So this is the third fruit with meringue pie I’m making this month.
It’s easily the strangest, though. Ever had a pie made from melon?
- 1 medium cantaloup
- 3/4 cup sugar (1/2 cup if cantaloup is extra sweet)
- 8 tablespoons flour
- 1/4 teaspoon salt
- 3 egg yolks
- 2 tablespoons water
- 1 tablespoon butter or margarine
- 1 baked pie shell
- 3 egg whites
- 6 tablespoons sugar
- Select a cantaloup of good quality. Cut rip cantaloup in half, remove seeds, scoop our pulp with a spoon into a saucepan and place over medium heat until it comes to a gentle boil. As it heats you can mash pulp with a potato masher. If you prefer, liquify pulp in blender before heating.

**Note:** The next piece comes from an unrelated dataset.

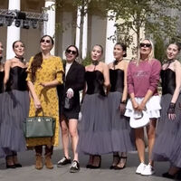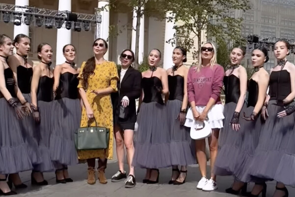 Настасья Самбурская в пестром платье станцевала с Натальей Рудовой и другими артистками на площади у театра. Образ она дополнила сумкой Birkin от бренда Hermes, стоимость которой составляет около 2 миллионов рублей.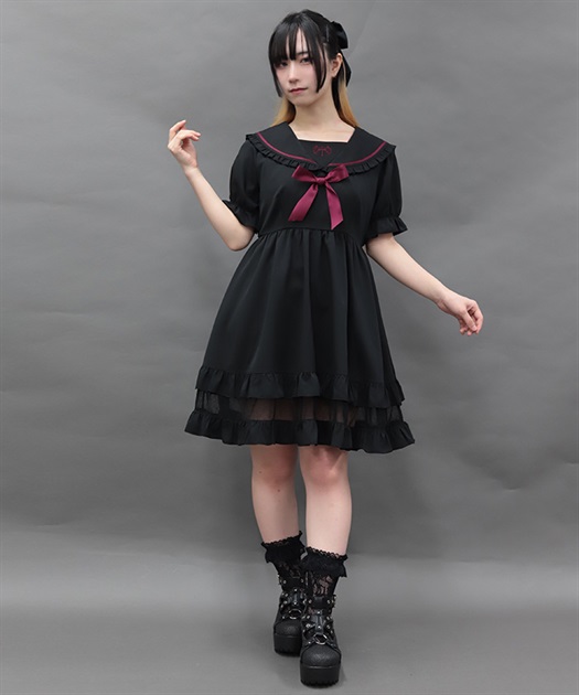 セーラー襟やクロスとデビル羽の刺繍がポイントです。

- Mix sugar, flour and salt together well, then add to heated cantaloup and stir until thickened. Do not cook cantaloup pulp too long before adding flour and sugar.
- Beat egg yolks and add 2 tablespoons water. Add beaten yolks to cantaloup mixture and cook until thick and creamy. Remove from fire and add butter. Pour mixture into baked pie shell.
- Beat 3 egg whites and 6 tablespoons sugar to make meringue. Top pie with meringue and bake in 420-450 degree F. oven until delicately browned. May be served warm or cold.
Luckily, cantaloup is in season this month — so it’s easy to find one that’s both ripe and inexpensive.
Ever mashed a cantaloup while trying to cook it?
It’s pretty difficult. The potato masher got it mostly mushy, but there were still quite a lot of lumps.
After five minutes of mashing, I stuck the immersion blender in. It made perfect purée in five seconds.
I went for a peaky meringue instead of a smooth one… just to be extra interesting.
The filling was still very loose after it finished baking (cornstarch works better than flour in pudding!), so I put it in the fridge overnight to set. It did get thicker, but it also started to smell a little funny.
“Oh man, this smells terrible.”
“Really?” I picked it up and sniffed it. “It’s a little eggy, but only a little.”
“It’s awful!”
“It is not. Just eat it. House rules, one bite!”
One surprised face later, he declared it was pretty good after all. (The one bite rule wins again!)
Verdict: Tasty, with an odd smell.
From tasting notes:
If there was such a thing as cantaloup candy, it would taste like this. Guesses from tasters included butter, oranges, and peaches — as the recipe promised, the real ingredient was a surprise. It was unusual but tasty. So if you ever want cantaloup pudding (or pie), now you know what to do!
I haven’t tried this yet, but it had reminded me of the cantaloupe-currant cobbler that I made this summer. Smelled so strange, but so good! The strange smell steered people off so there was more for me!!